When Minnesota Management and Budget projected last May that state sales tax revenues would likely plummet, there was a big ripple effect for Minnesota’s artists, museums, libraries, zoos, parks, trails, wetlands, forests, prairies, and efforts to keep the state's waters clean.

That’s because 0.375% of the state’s sales taxes is earmarked for Legacy funds. Minnesota voters approved the Clean Water, Land and Legacy Amendment in 2008, raising their taxes to create a dedicated funding source for those areas. But an economy thrown into disarray in the early months of the COVID-19 pandemic led to predictions that there would be considerably less revenue coming in.

But it’s turned out to be not as severe as expected. That’s what Sean Fahnhorst, a Minnesota Management and Budget executive budget officer, told the House Legacy Finance Committee at its first meeting of the session Wednesday.

“Between May and November, the forecast got quite a bit rosier, especially in sales tax projections,” he said. “The net effect was that the balances for the Legacy funds are expected to be a lot better. We are no longer projecting deficits.”

Working off of the May 2020 forecast, the decision was made in July that some of the Legacy funds appropriated for the current fiscal year would be held back until fiscal 2022, which begins July 1.

“This was a cautionary move to make sure that we didn’t fall into deficits,” Fahnhorst said.

The result is that $16.5 million originally appropriated to the Clean Water Fund for this fiscal year will be added to the fiscal 2022 total. Similarly, available 2022 monies for the Arts and Cultural Heritage Fund will grow by $9.9 million, and the Parks and Trails Fund by $4.5 million.
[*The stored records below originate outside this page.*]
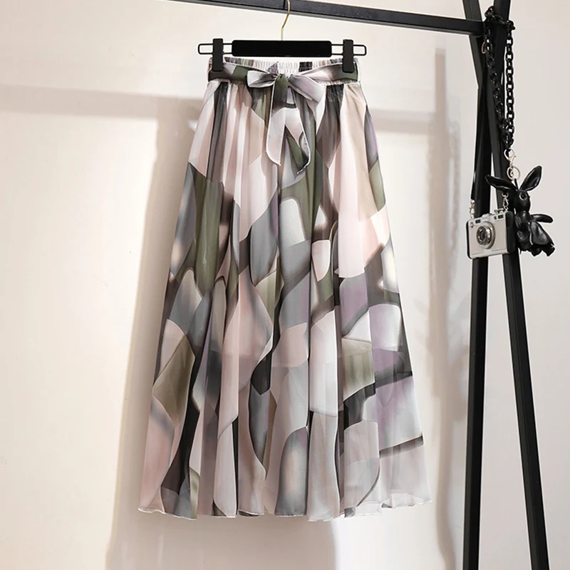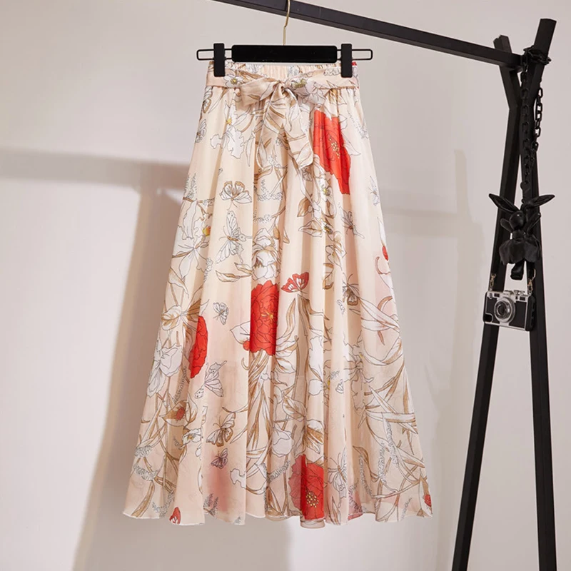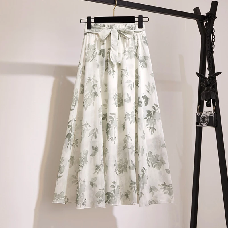 Surmiitro Long Skirt Women For 2021 Spring Summer Lady Korean Style White Black Chiffon Sun School High Waist Midi Skirt Female
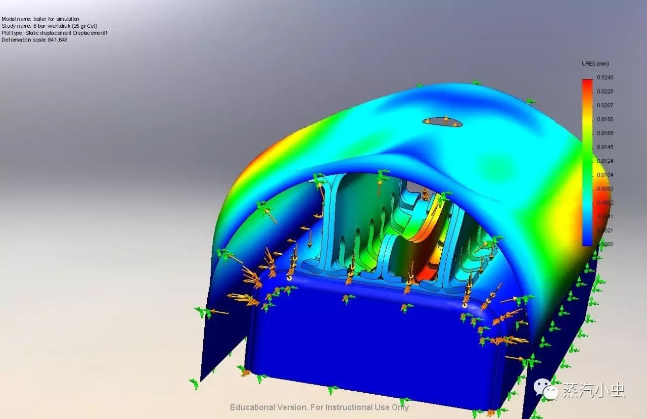 蒸汽小虫的本篇文章临时不对蒸汽小火车模型锅炉的焊接制作工艺技法进行讲解,关于锅炉制作技法的主题待到蒸汽小虫有时间时候再作说明。本文的重点是锅炉的测试技巧,使用注意事项和保养技法等等。 需要特别说明的是:包括锅炉在内的压力容器属于国家法定特种设备,必须有资质证明才能进行商业化生产和销售,使用和维护、维修压力锅炉也必须由专业人员进行。作为蒸汽小火车的模型DIY需要,本文内容仅供学习参考。 蒸汽小虫先啰嗦几句锅炉制作:为了安全,蒸汽小火车锅炉内部的图纸结构设计,不要轻易更改,尤其是锅炉火箱与炉体之间的桥接加固钉,这个在对火箱加热时候的热变形应力配置非常关键,不是多余的!!!如果制作时候省略这些细节,可能会造成锅炉使用的安全性问题,切记切记!学究气重一些的模友们可以看下图理解。 上图是锅炉火箱附近在加热时候的热变形应力场的模拟结果 此外,锅炉的制作过程可能要有些金属板要翻边(见下图),这个也不用想当然的省略了,翻边对于焊接的靠谱性是非常必要和关键的。这些工艺方法和要点都经历过前人非常严格的实验测试和优化,有着完善的理论规范,DIY玩家在掌握锅炉设计理论之前切莫为了省材省力自行改变图纸要求,对焊接的技法和焊条要求也要格外严格。 上图为锅炉制作需要的的翻边板 总的说来,鉴于蒸汽动力小火车模型的锅炉结构特点和安全性能要求,锅炉模型的DIY制作一般是蒸汽小火车发烧友们遇到的一个难点,蒸汽小虫会在之后的文章里面做重点说明。 回到今天开篇的主题,是锅炉的测试和维护问题,假如你已经有一台焊接完成的锅炉,怎么进行测试呢?在开炉点火之前,先进行常温的水压测试吧!这个测试简单,可靠,容易上手。 上图是水压测试的示意图 首先玩家需要一个手动压水泵(这个手动压水泵的结构和DIY制作工艺蒸汽小虫会在近期给出),在将锅炉灌满水后,将锅炉密封开始往锅炉里面压水,一直观察压力表读数,常见的加压参考是锅炉工作压力的3-4倍。比如你所用的蒸汽小火车锅炉工作压力是6公斤,可以用这个方法往里压入常温水,一直到24公斤压力的水压为止。此后需要的是:静止24小时观察!如果锅炉的焊接存在明显的漏缝或微孔,那么一定有漏水的地方,锅炉内水压也没法维持太久 上图是玩具自制的蒸汽动力小火车锅炉在进行水压测试 水压测试完成后,必须放出一部分水才能开炉点火。水压测试使用的手泵是蒸汽动力小火车的必备设置(即使你很少用手泵为锅炉注水,也需要这个设置来时常性地检测锅炉耐受性)。这个小手泵一般藏在小火车的水箱里,有一根可拆卸的长把手来进行注水操作。 此外,蒸汽动力小火车的锅炉使用务必注意以下安全事项:
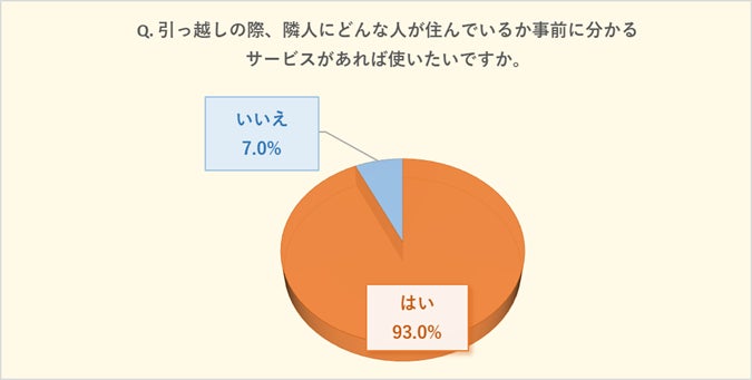 9割以上がサービスを利用したいと回答。新しい環境を始めるにあたり、隣人リサーチは非常に関心度が高いことが分かります。
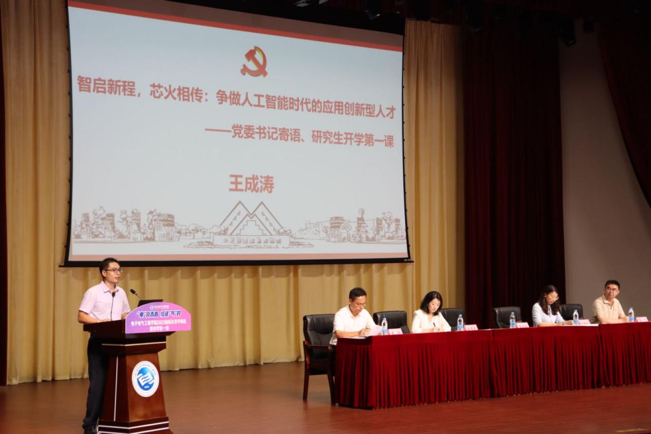 学院党委书记王成涛以“智启新程,芯火相传:争做人工智能时代的应用创新型人才”寄语新生暨开学第一课。他希望研究生能够把握人工智能高速发展的时代机遇,既要在“智启新程”中勇立潮头,开拓视野、敢于创新,也要在“芯火相传”中赓续奋斗精神,薪火不息、代代相传。并指出硕士阶段的学习是学习范式、思维方式和能力要求的深刻转变。同时给同学们提出三点希望和要求:要坚定理想信念,涵养深厚家国情怀,不断提升政治素养;要深耕学术研究,锻造卓越创新精神,勇攀科学技术高峰;要积极参与实践,淬炼过硬服务本领,实现知行合一升华。书记的寄语既是祝福,也是嘱托,更是激励,激发了全体新生奋发图强、勇毅前行的信心与决心。
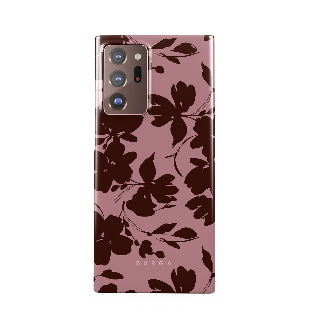 Quietly bold, our Gossip Samsung Galaxy Note 20 Ultra 4G / 5G phone case design speaks volumes in subtlety. A soft rosé background, layered with deep red-brown floral accents, gives off a refined, almost mysterious vibe. It's for those who let the details do the talking.

The revenue from the 0.375% in sales taxes for Legacy funds is divided up thus:

  • 33% to the Clean Water Fund;
  • 33% to the Outdoor Heritage Fund;
  • 19.75% to the Arts and Cultural Heritage Fund; and
  • 14.25% to the Parks and Trails Fund.

For each fund, 5% of its balance is kept in reserve. Based upon the November 2020 forecast, Minnesota Management and Budget projects that the following will be available to be appropriated to each fund in fiscal year 2022:

  • $133.2 million to the Outdoor Heritage Fund;
  • $122.6 million to the Clean Water Fund;
  • $70.6 million to the Arts and Cultural Heritage Fund; and
  • $53 million to the Parks and Trails Fund.

Now the committee begins its work of deciding what projects will receive that money.